* [Task to complete]: Below are entries. Give back exactly the lines from the one containing "Папка-регистратор А4 Officespace" through the one containing "a romantic moment", inclusive, without the pictures.

Data items
--------------------

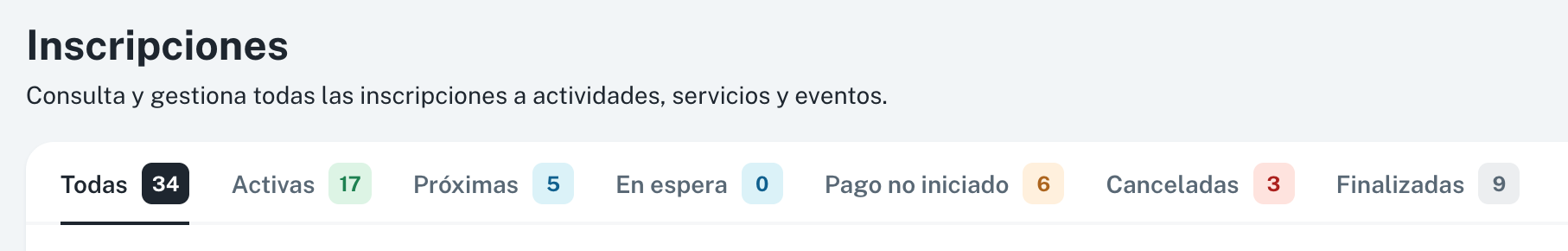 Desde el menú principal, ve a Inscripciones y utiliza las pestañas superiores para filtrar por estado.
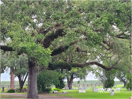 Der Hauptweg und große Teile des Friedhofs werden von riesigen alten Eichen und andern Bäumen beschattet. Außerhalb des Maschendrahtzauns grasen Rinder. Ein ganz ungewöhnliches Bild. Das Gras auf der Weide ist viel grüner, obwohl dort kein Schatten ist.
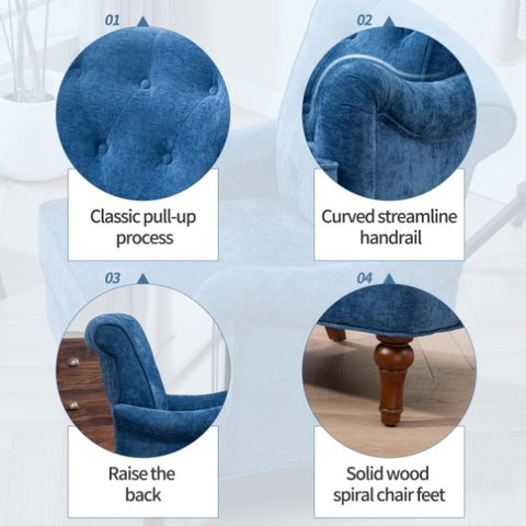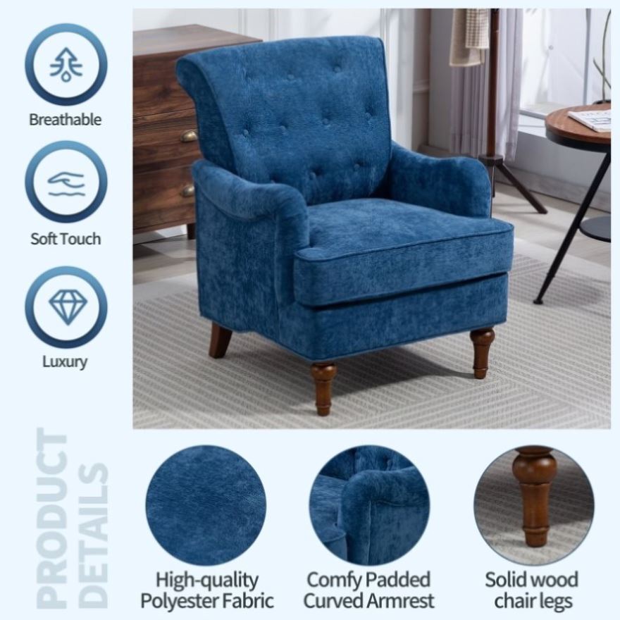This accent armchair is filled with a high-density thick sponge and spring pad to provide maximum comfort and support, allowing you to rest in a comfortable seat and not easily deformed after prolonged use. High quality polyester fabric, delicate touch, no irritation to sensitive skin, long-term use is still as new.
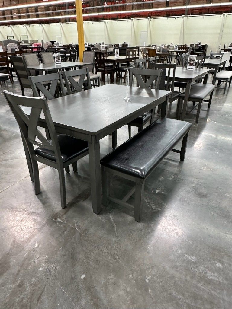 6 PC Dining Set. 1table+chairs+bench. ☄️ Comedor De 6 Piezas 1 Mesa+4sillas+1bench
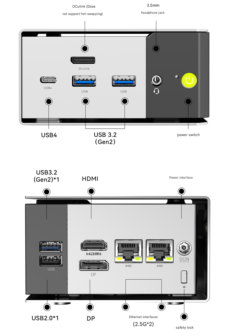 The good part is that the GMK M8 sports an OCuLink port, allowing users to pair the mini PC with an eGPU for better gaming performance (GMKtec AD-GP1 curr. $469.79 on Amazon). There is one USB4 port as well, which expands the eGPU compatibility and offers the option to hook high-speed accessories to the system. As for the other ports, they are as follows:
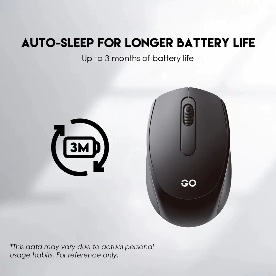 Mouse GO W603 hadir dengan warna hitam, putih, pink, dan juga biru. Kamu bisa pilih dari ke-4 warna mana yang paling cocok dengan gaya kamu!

--------------------

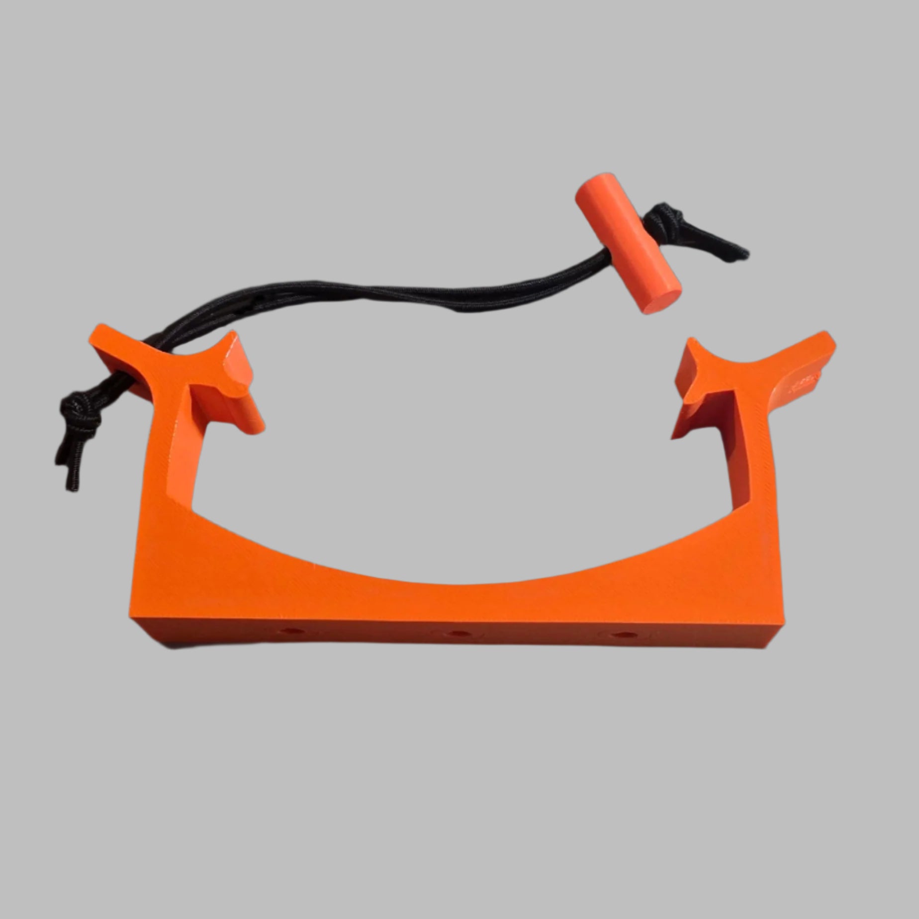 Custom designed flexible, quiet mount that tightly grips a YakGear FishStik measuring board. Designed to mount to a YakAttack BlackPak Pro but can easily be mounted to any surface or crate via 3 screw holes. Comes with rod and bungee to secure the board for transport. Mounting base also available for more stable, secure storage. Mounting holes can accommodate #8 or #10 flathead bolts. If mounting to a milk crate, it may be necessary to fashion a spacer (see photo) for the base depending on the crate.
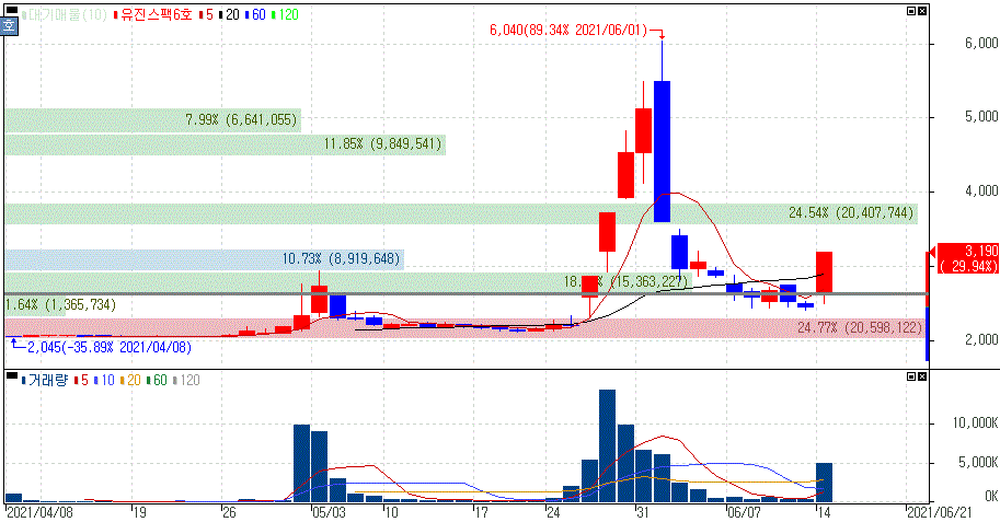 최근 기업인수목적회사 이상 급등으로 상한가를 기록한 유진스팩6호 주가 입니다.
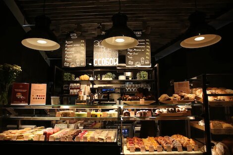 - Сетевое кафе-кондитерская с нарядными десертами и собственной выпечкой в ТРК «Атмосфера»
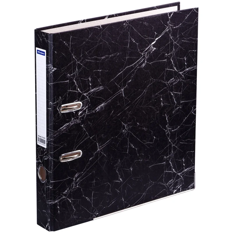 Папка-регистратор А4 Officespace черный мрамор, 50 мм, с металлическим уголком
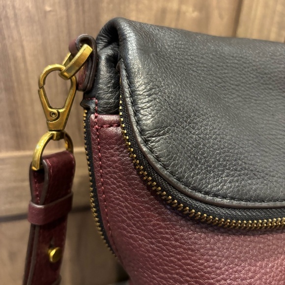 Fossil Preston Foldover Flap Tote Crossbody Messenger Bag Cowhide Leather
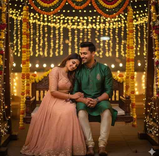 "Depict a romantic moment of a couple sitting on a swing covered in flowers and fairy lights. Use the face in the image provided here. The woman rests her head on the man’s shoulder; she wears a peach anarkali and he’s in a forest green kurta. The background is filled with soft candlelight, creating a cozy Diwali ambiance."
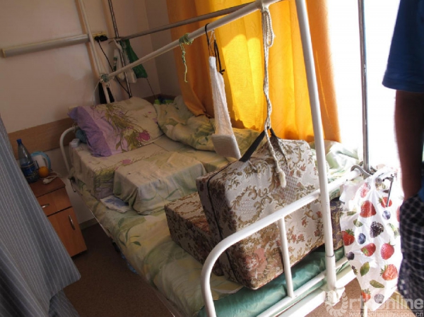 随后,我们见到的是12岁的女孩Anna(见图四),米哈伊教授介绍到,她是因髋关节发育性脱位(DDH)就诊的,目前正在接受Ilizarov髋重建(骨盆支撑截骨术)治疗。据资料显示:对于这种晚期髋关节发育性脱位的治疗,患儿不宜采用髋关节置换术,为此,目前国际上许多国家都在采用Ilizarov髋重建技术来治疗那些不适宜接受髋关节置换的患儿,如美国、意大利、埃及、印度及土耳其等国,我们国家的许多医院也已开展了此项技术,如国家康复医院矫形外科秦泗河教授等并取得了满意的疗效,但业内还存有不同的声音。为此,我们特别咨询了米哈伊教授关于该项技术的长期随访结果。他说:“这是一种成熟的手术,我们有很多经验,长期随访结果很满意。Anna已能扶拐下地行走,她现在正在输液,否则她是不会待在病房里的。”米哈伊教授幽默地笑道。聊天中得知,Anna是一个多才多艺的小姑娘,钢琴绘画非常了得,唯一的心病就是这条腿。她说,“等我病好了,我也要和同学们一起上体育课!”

--------------------

* [Written answer]:
 Папка-регистратор А4 Officespace черный мрамор, 50 мм, с металлическим уголком
 Fossil Preston Foldover Flap Tote Crossbody Messenger Bag Cowhide Leather
 "Depict a romantic moment of a couple sitting on a swing covered in flowers and fairy lights. Use the face in the image provided here. The woman rests her head on the man’s shoulder; she wears a peach anarkali and he’s in a forest green kurta. The background is filled with soft candlelight, creating a cozy Diwali ambiance."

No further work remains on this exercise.